Monday 27 June 2011

Area Dean announced


We are going to have to relate quite differently to our neighbouring town centre parish. The appointment of a new Priest-in-Charge and Area Dean was announced yesterday when I was covering the main service at what is now Grimsby Minister, and the people there were told he should be with us in September. We look forward to welcoming him.

Three of the phrases in that opening paragraph are significant, and appear to be part of a cumulative plan by the Area Bishop being put in place piece by piece with different levels of consultation and collaborative planning.

Designating Grimsby Parish Church as a Minster built on the work of the previous incumbent’s commitment to the civic role and world facing ministry of the church and his work as a valued member of the local authority’s Local Strategic Partnership. Momentum hasn’t been lost during the vacancy and taking forward things like a new shop and major art displays have been impressive. There are quite different models of Minister out there from those where a centrally based ‘college of priests’ sends out resources to a wider area to those where central specialist provision complements the work of neighbouring parishes, and it will be interesting to learn what the new incumbent thinks the role of this particular Minister should be. Those involved in the Minster’s educational outreach have written to at least some of the Primary Schools in this parish not only advertising things we could not offer but also things which we do, which was an unfortunate small cloud on the horizon.
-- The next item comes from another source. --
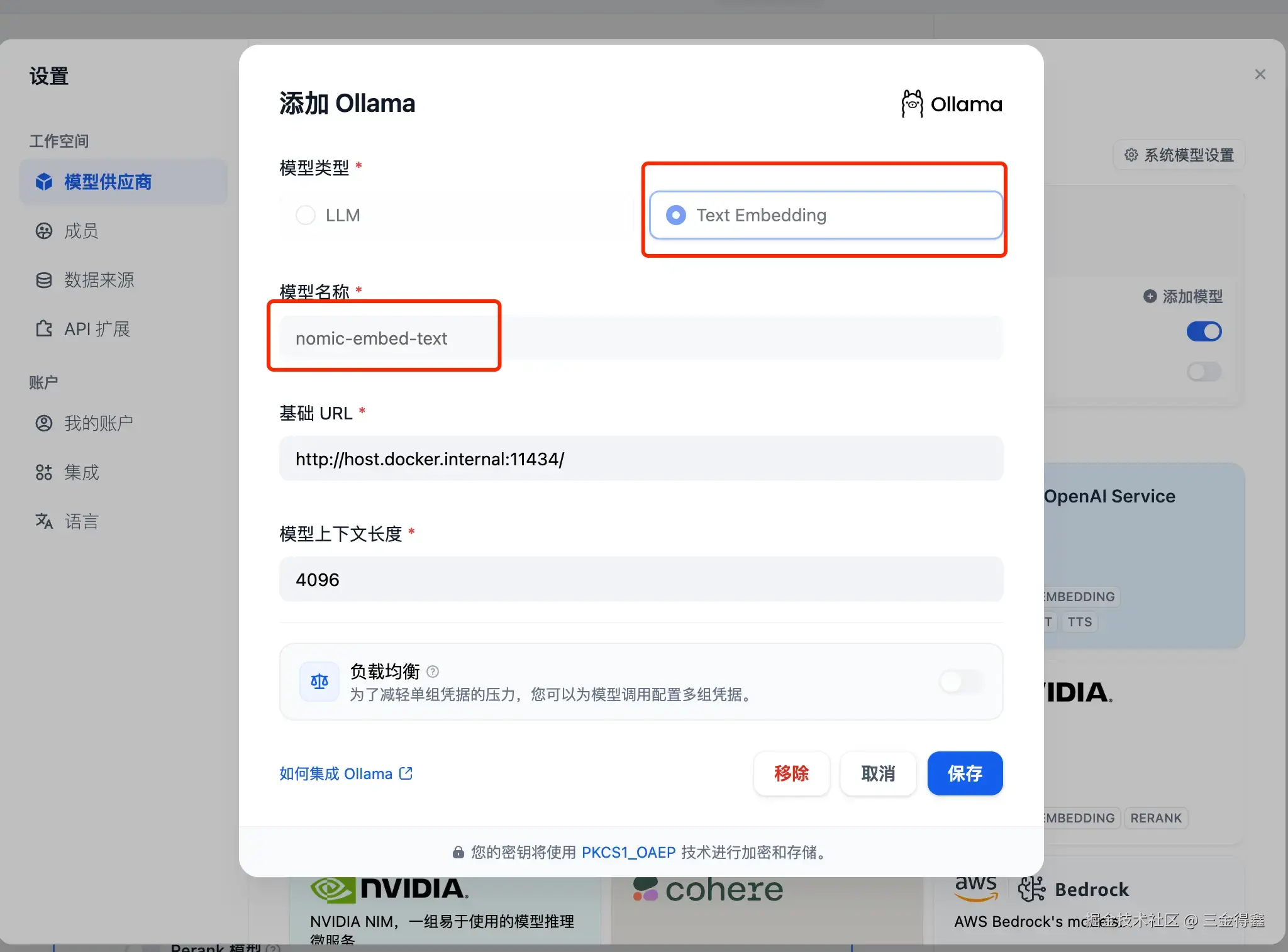 然后在 Ollama 模型设置中选择 Text Embedding:

We are told that suspending presentation of a Rector to the whole Great Grimsby Team and appointing a Priest-in-Charge instead is to leave open the possibility that a review of the use and deployment of ministry in the parish and how this affects ministry in the town might result in proposals for pastoral reorganisation. The legal process of consulting about the suspension hadn’t been completed when the advert for the post as Priest-in-Charge appeared, which I assume is a little unusual. Sensitive readers will understand that I’ve been expressing more anxiety about being properly involved in developing and being part of the review process.

The new post of Area Dean for the whole unitary authority of North East Lincolnshire parallels an appointment just made at the largest church in Scunthorpe for the neighbouring unitary authority of North Lincolnshire. The job description (which we were sent for comment just as it was going out to applicants) highlights two roles. That of representing the church in the civic, commercial and third sector life of North East Lincolnshire sits very well with the potential role of the Minister, although it will need handling sensitively alongside the job description of the Industrial Missioner (although not as much as in North Lincolnshire where it is in fact the Industrial Missioner who has been the valued member of its Local Strategic Partnership). That of being part of the creative strategic development of mission and ministry across the area as we respond to changing patterns of church life is again one about which it will be interesting to learn what the new incumbent thinks as he develops it alongside well established neighbours.

The Area Dean job description refers to a fourth part of the cumulative plan. It says the new priest ‘will be “released” from their pastoral ministry by the Grimsby Team becoming a “hub” for the training and formation of those new in ministry... the formation of the curates is being designed to model collaboration within the [two North East Lincolnshire] deaneries’. This is something well worth a separate post at some point. He would, of course, also be further released from his pastoral ministry if the review process results in detaching responsibility for the wider Team Ministry (including 30,000 parishioners, three daughter churches and some of the most deprived areas of town) which may well be part of the cumulative plan.

Rather than be defensive or destructive, and rather than gossip and speculate, the Parochial Church Council in this parish recently agreed to offer him an early invitation to come and talk about what he thinks he has been asked to do and how we might best work together as he begins to do it. Interesting times.

Meanwhile, the latest fallen gravestone in St Michael’s is this one from 1943 near the south door. Lily Hubbard died in 1943 aged twenty-four and is buried next to her sister Alma who died in 1940 aged nineteen. The fall of Lily's gravestone drew my attention for the first time to the fact that it has words in Dutch on it: ‘Wel te rusten, lieveling’ (‘Sleep well, darling’); there must be a story behind that.